For
Deep Discovery Web
Inspector to determine if a server’s signature is trusted, the
root Certification Authority (CA) certificate on which the signature is based must
be added to
the
Deep Discovery Web
Inspector certificate store.
There are three types of digital certificates that are involved in producing a
digital signature:
-
The "end" or "signing" certificate, which contains the public key to be used to
validate the actual digital signature.
-
One or more "intermediate" Certification Authority (CA) certificates, which
contain the public keys to validate the signing certificate or another intermediate
certificate
in the chain.
-
The "root" CA certificate, which contains the public key used to validate the
first intermediate CA certificate in the chain (or, rarely, the signing certificate
directly).
An otherwise valid signature is "trusted" by Deep Discovery Web
Inspector if
the CA certificate of the signature is known to Deep Discovery Web
Inspector
and is active.
If Deep Discovery Web
Inspector encounters
an unknown CA certificate during SSL handshake processing, it automatically saves
the certificate
in the Inactive CA Certificates list. Intermediate and root CA
certificates are collected in this way.
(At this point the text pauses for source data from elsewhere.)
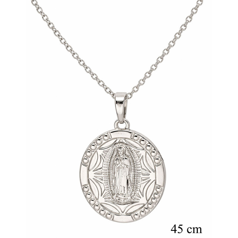 Elegancki naszyjnik z okrągłym medalikiem przedstawiającym wizerunek Matki Boskiej. To klasyczny symbol wiary, ochrony i duchowego wsparcia, który doskonale sprawdzi się jako codzienny talizman.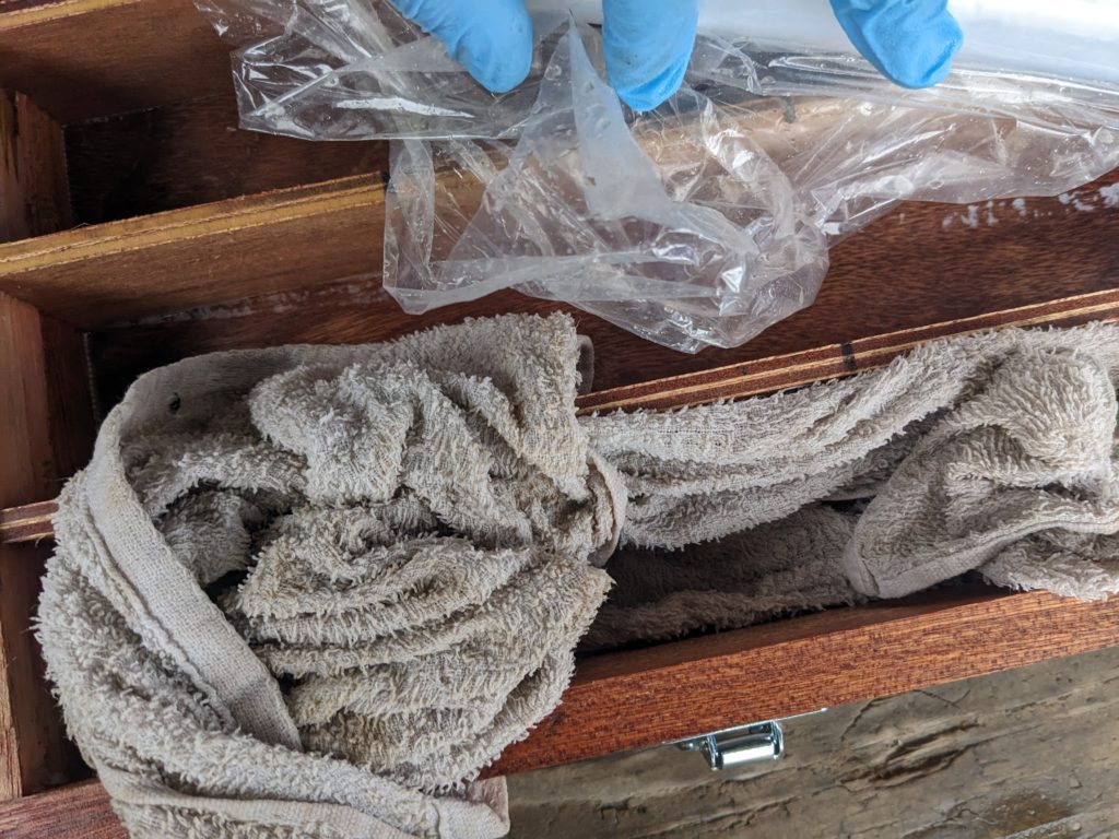 現場終わりにコア箱を養生するためにシートをかけて帰ったのですが、雨の量が多かったことや、シートが新しいものではなかったので撥水力が弱かったことが原因で濡れてしまいました。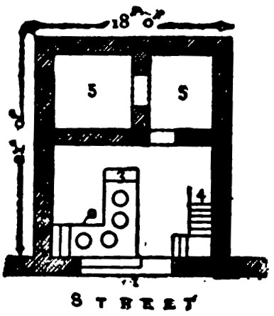 На следующей иллюстрации (с.680a) изображена такая же лавка с более просторными личными помещениями. Она имеет отдельный вход с улицы в частные покои, ведущий в очень маленький атрий, потолок которого поддерживают четыре колонны, две из которых утоплены в стене; в атрий открывается кухня, похожая на чулан, и маленькая столовая. Очень узкая лестница ведёт на второй этаж.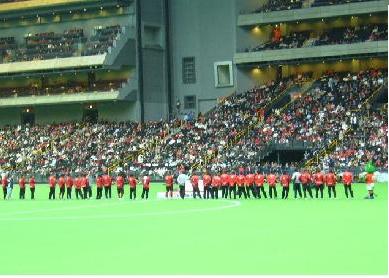 選手はひとりずつ紹介されて、観客席の間からもみくちゃになりながら降りてくる。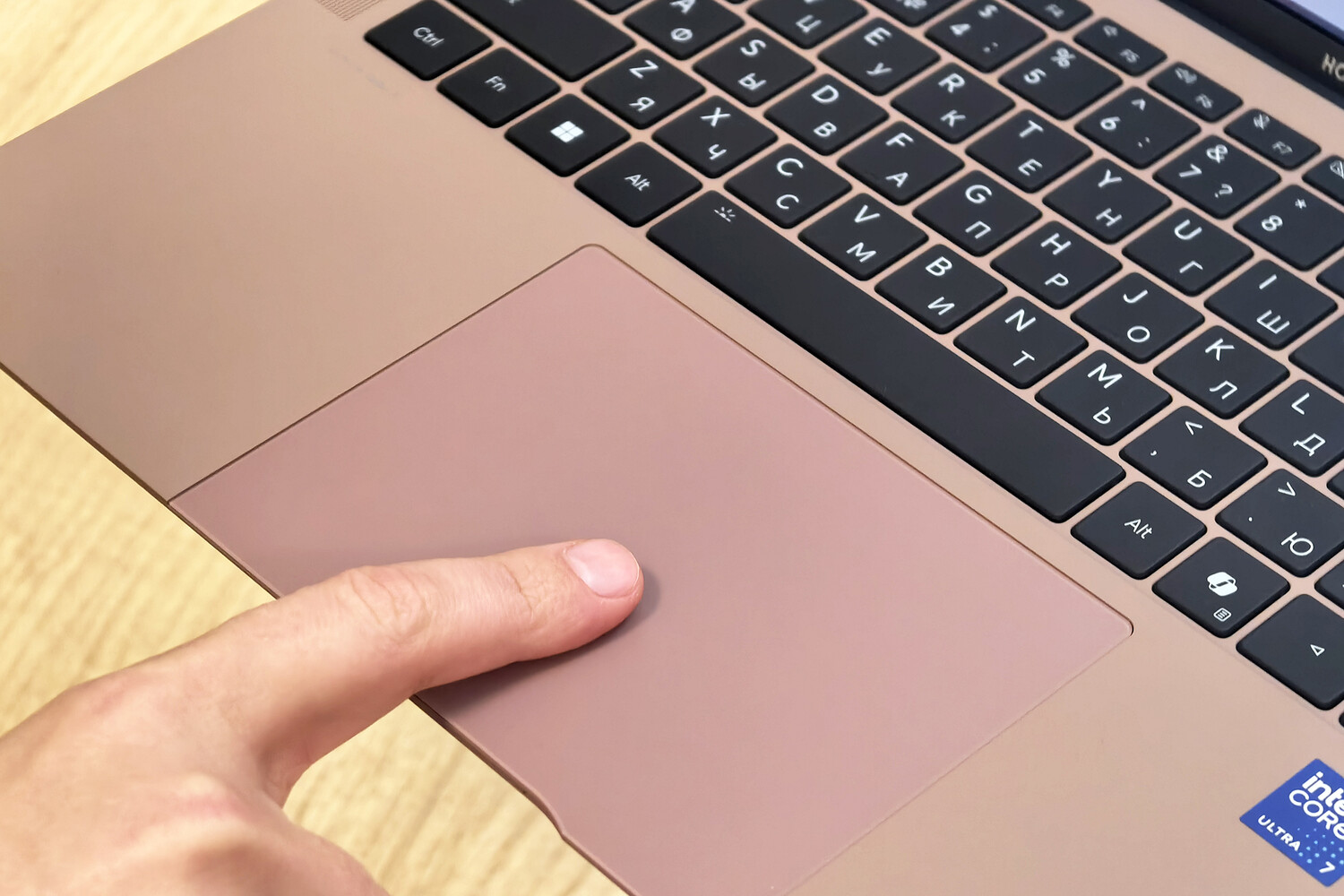 С точки зрения журналиста или контентмейкера, работающих зачастую вне офиса, — это привлекательные параметры, ведь ноутбук удобно держать даже одной рукой, в том числе благодаря грамотной развесовке компонентов. Отдельного внимания достоин цвет «пепельный розовый», который выделяет ноутбук на фоне нейтральных конкурентов в «металлических» цветах.

If required later, a CA certificate collected
in this way
can be "activated" (made trusted or untrusted by Deep Discovery Web
Inspector so
that the signatures of websites depending on it can be processed as valid or invalid.
Accessing secure resources that traverse through a Deep Discovery Web
Inspector appliance with an untrusted
or expired certificate displays a security warning in the web browser.